## Excerpted data:
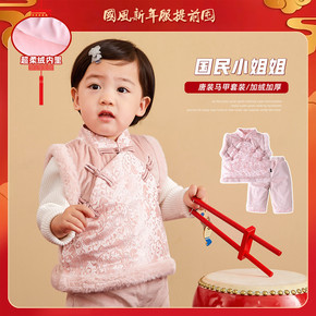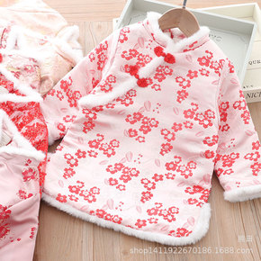 女童唐装套装冬装女宝宝百天周岁庆生服儿童过年喜庆拜...
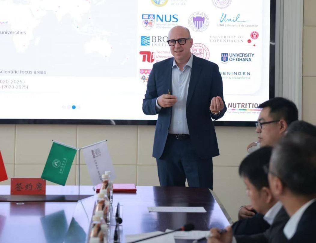 Marc Alder介绍了雀巢核心领域、研发情况、市场布局及合作领域。他表示,我校在乳品科学领域的专业能力为联合研究中心奠定了坚实基础,通过知识共享与联合攻关,共筑乳品科研新高地,助力中国婴幼儿在生命最初阶段获得最佳营养与健康。
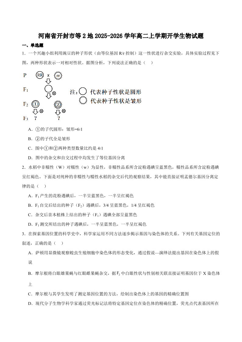 河南省开封市等2地2025-2026学年高二上学期开学考试 生物试卷(含答案).pdf
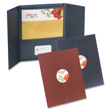 Report covers are easy to customize. French door-style covers open to reveal two stacked pockets that hold up to 50 sheets of letter-size papers. Front pocket offers a die-cut business card holder. Create custom closures with the 12 enclosed printable stickers. Stickers are removable so you can easily open each folio. Report covers feature premium metallic paper stock and include instructions and ideas for designing.
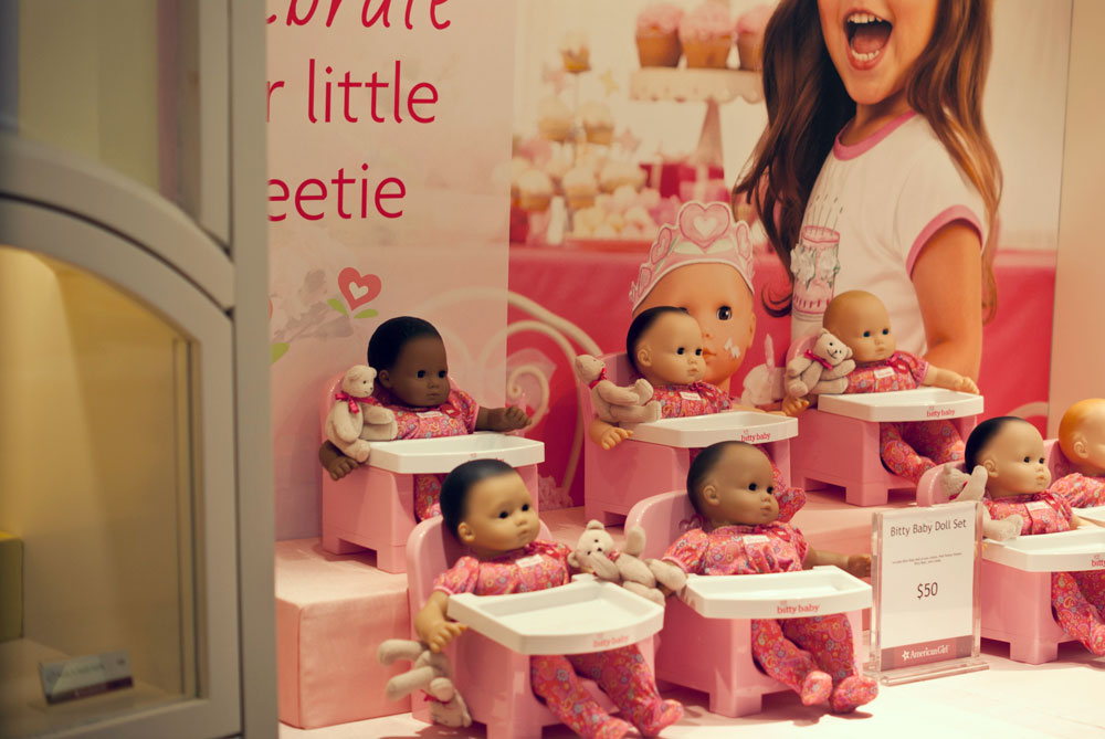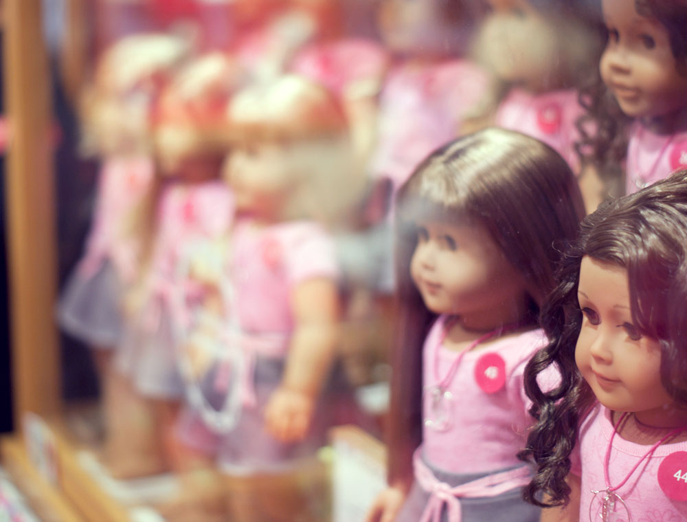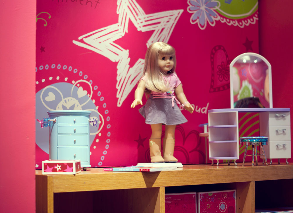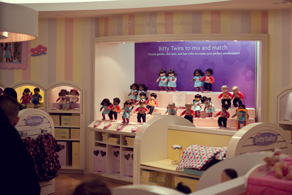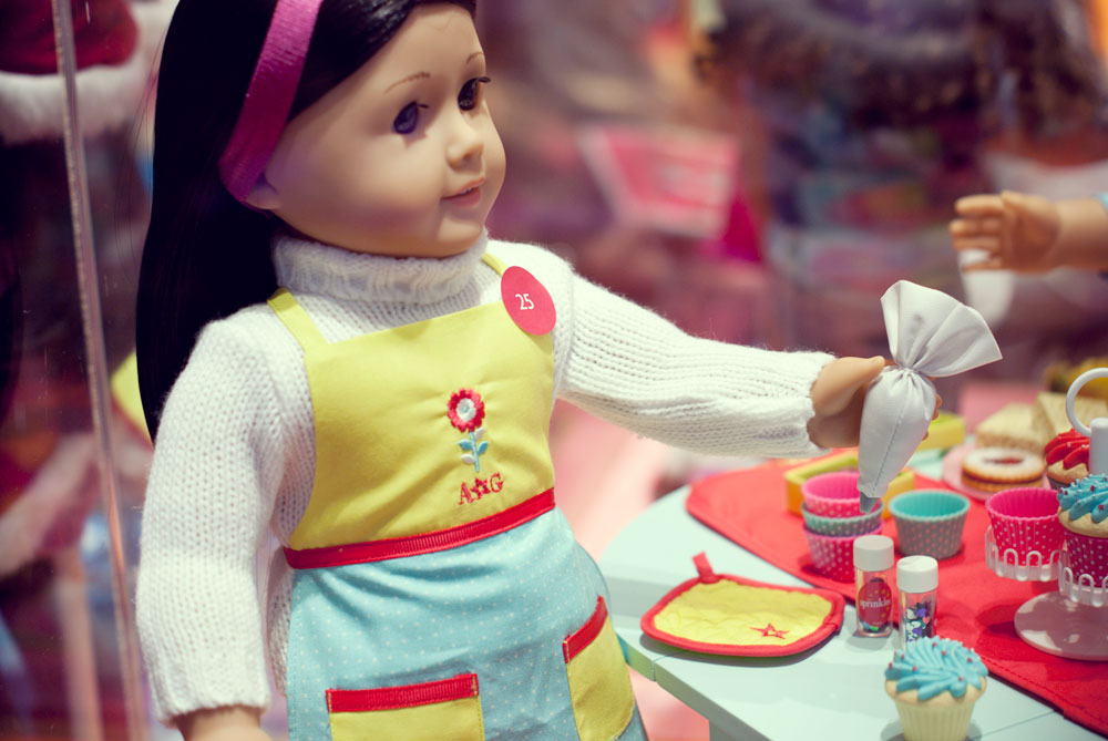 Podczas naszego krótkiego pobyty w Nowym Jorku trafiłyśmy do raju dla małych (i dużych) dziewczynek. Lenka oczywiście nie przejawiała najmniejszego zainteresowania, ja byłam zachwycona. American Girl Place, to cztery pietra wypełnione lalkami, ubraniami, akcesoriami. Dziewczynki wybierają lalkę, ubierają ją, dobierają akcesoria. Ostatecznie lala trafia na czwarte piętro…. ( ale o tym później)
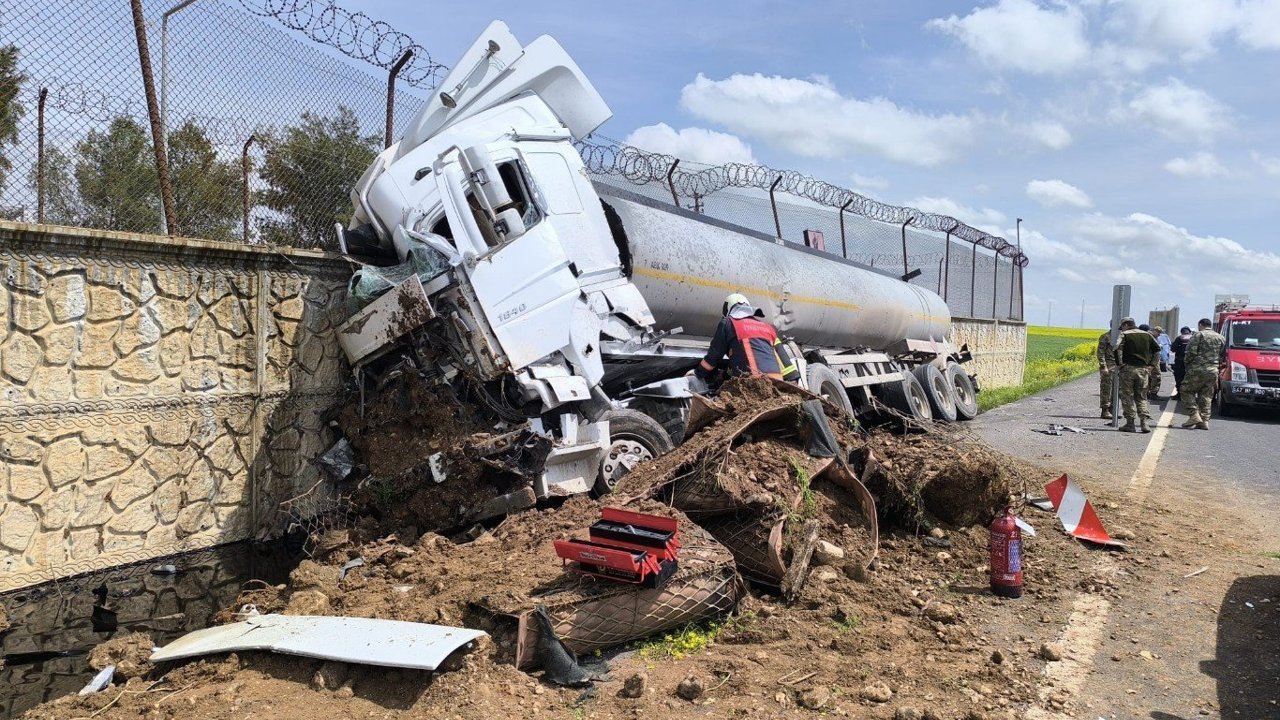 06 ERH 424 plakalı ham petrol yüklü tanker, sürücüsünün direksiyon hakimiyetini kaybetmesiyle yol kenarındaki beton bariyerlere çarptı.
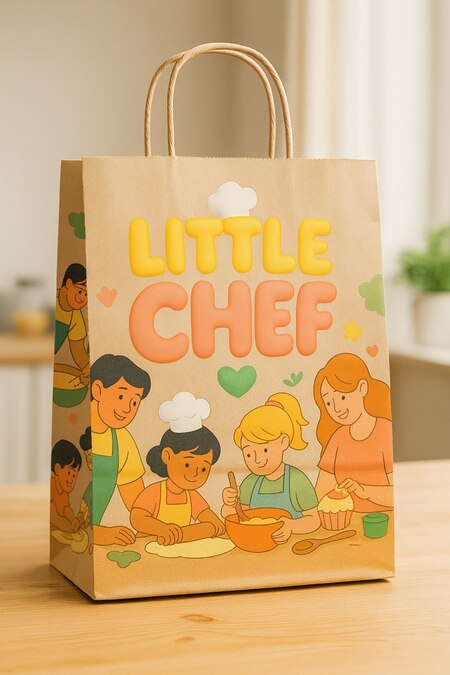 Бумажный пакет с логотипом (takeaway bag) Запрос: Realistic 3D mockup of a paper takeaway bag for «Little Chef.» Printed with the Little Chef logo in soft pink and yellow tones and a small green heart below. Illustrations of kids and parents cooking together wrap around the bag. Soft shadows and natural lighting on a wooden table, cozy and inviting atmosphere.
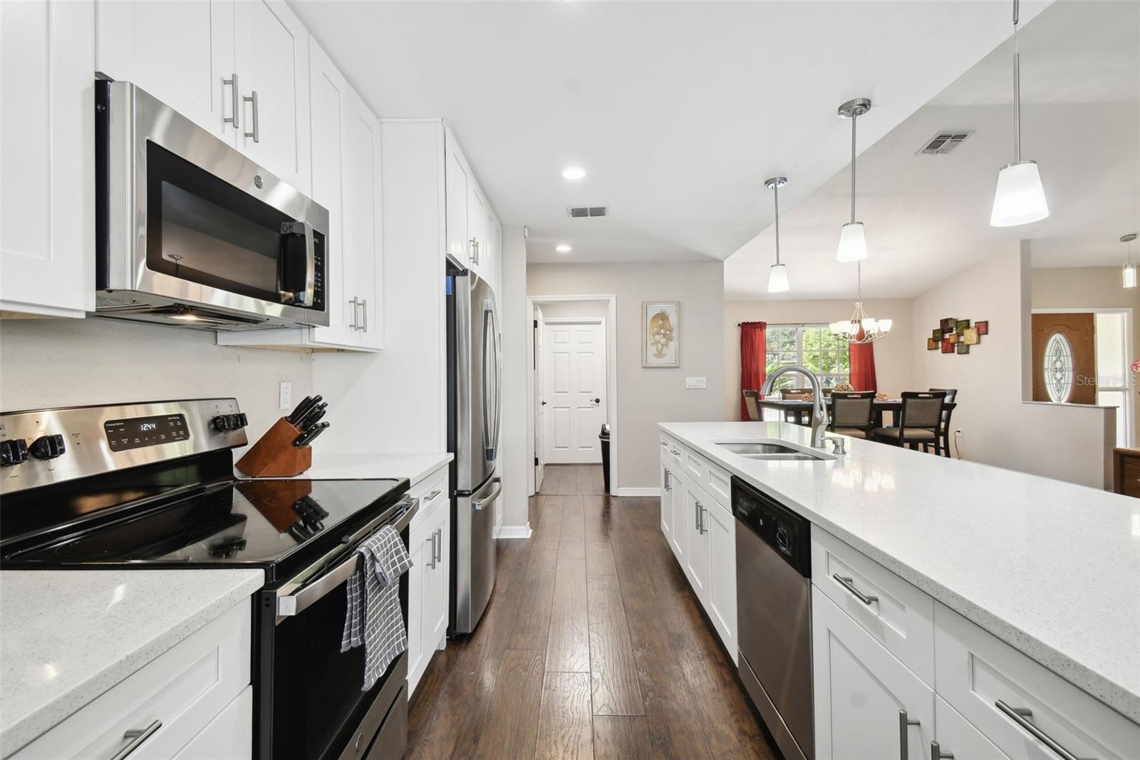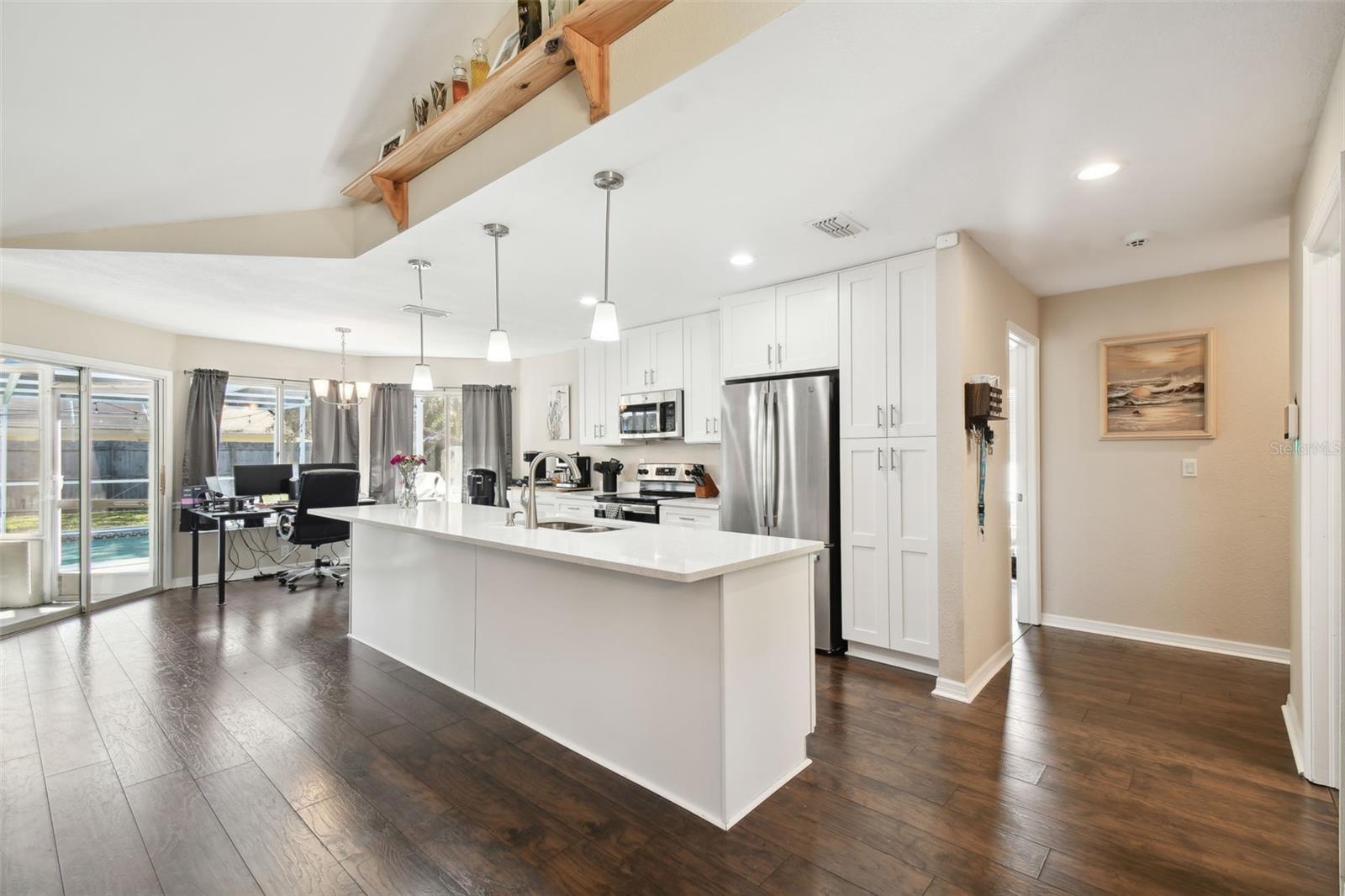 Recentemente, remodelado 2 BR, 2 Banho Completo, 2 carros para casa, pronta para casa, com uma varanda traseira, cercada no quintal e na piscina de exibição localizada em uma zona não-alvo, sem taxas de HOA. Esta residência unifamiliar maravilhosamente remodelada oferece um design de conceito aberto convidativo perfeito para a vida moderna. Ao entrar no hall de entrada, você ficará impressionado com a grande planta, tetos abobadados e pisos de tábua de vinil de luxo por toda parte. A sala de estar, a sala de jantar, a cozinha e o recanto do café da manhã estão todos à sua vista. O coração da casa é a cozinha completa com armários agitadores brancos elegantes, bancadas de quartzo e aparelhos de aço inoxidável. A grande ilha central oferece amplo espaço para preparação de alimentos e convidados divertidos. O recanto do café da manhã permite que o sol da manhã ilumine o quarto perfeito para desfrutar de café da manhã ou reuniões noturnas. Esta linda casa com uma verdadeira planta dividida, tendo quartos em lados opostos da casa, permite privacidade para você e seus convidados. O espaçoso EN-Suite primário tem uma porta deslizante que permite que a luz natural encha a sala, um grande armário e um armário padrão, fornecendo muito armazenamento de guarda-roupa. A grande área de vaidade de pia dupla com bancadas de quartzo, bastante armazenamento e torneiras iluminantes traz um toque de tecnologia e conveniência ao usar. O banheiro privativo com um chuveiro tem muito espaço. O segundo quarto é espaçoso com um armário completo. O 2º banheiro possui uma combinação de chuveiro/banheira e possui um armário de linho para armazenamento adicional. A conveniência é fundamental com uma lavadora/secadora em tamanho real na lavanderia interior dedicada. A varanda coberta convida você a relaxar e relaxar com vista para o espaçoso quintal cercado. Saia para a piscina exibida, convida você a nadar ou dar um mergulho para se refrescar. Localizado no coração de Spring Hill, situado em uma rua tranquila, esta casa oferece um retiro sereno enquanto ainda estava perto das comodidades locais. Não perca a oportunidade de tornar este próprio em casa deslumbrante! Agende sua exibição hoje. | A/C 2013 com novo motor no manipulador de ar | 2024 Aquecedor de água | Abridor de porta de garagem Wi-Fi | O sistema de segurança inclui 3 câmeras exteriores e câmera da campainha, detecção de quebra de vidro, sensores de portas abertas interiores e alarme de incêndio | Lavadora/secadora e todos os utensílios de cozinha 2021.
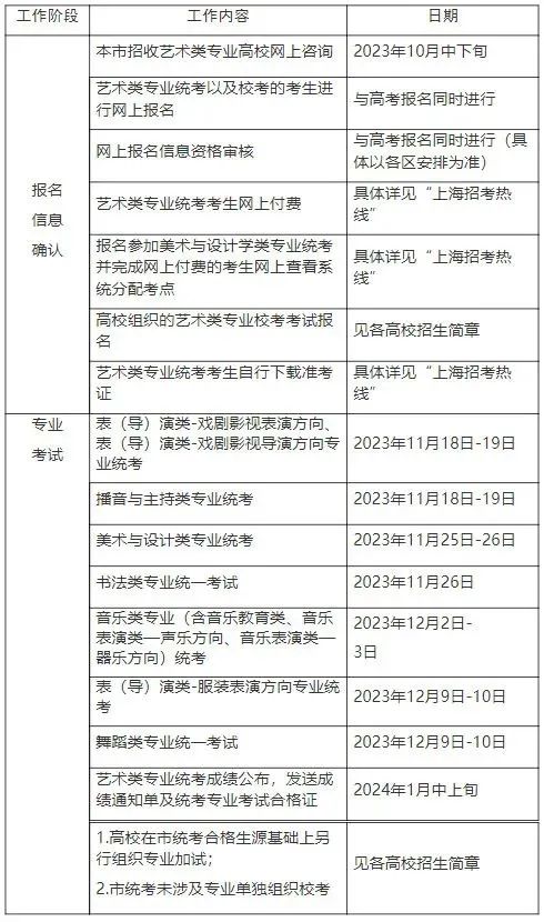 2024年上海市普通高校艺术类专业报名考试工作日程表
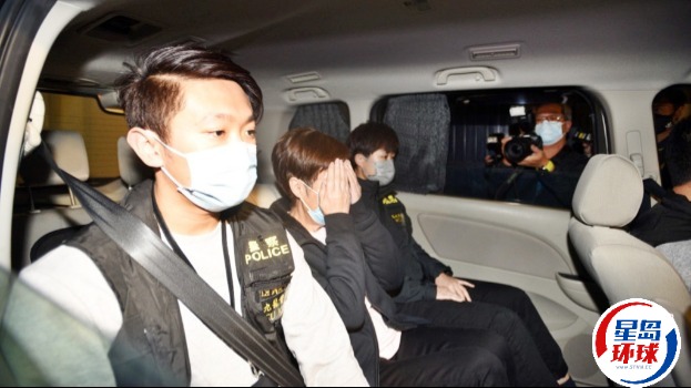 ▲其中一名女被告(掩面)案发被警方带署调查。资料图片

## The problem:
Only one stretch of the listing above is to be duplicated: the lines from the one containing "Marc Alder介绍了雀" through the one containing "河南省开封市等2地2025-2026学年", both included. Copy them exactly, minus the pictures.

## Task answer:
 Marc Alder介绍了雀巢核心领域、研发情况、市场布局及合作领域。他表示,我校在乳品科学领域的专业能力为联合研究中心奠定了坚实基础,通过知识共享与联合攻关,共筑乳品科研新高地,助力中国婴幼儿在生命最初阶段获得最佳营养与健康。
 河南省开封市等2地2025-2026学年高二上学期开学考试 生物试卷(含答案).pdf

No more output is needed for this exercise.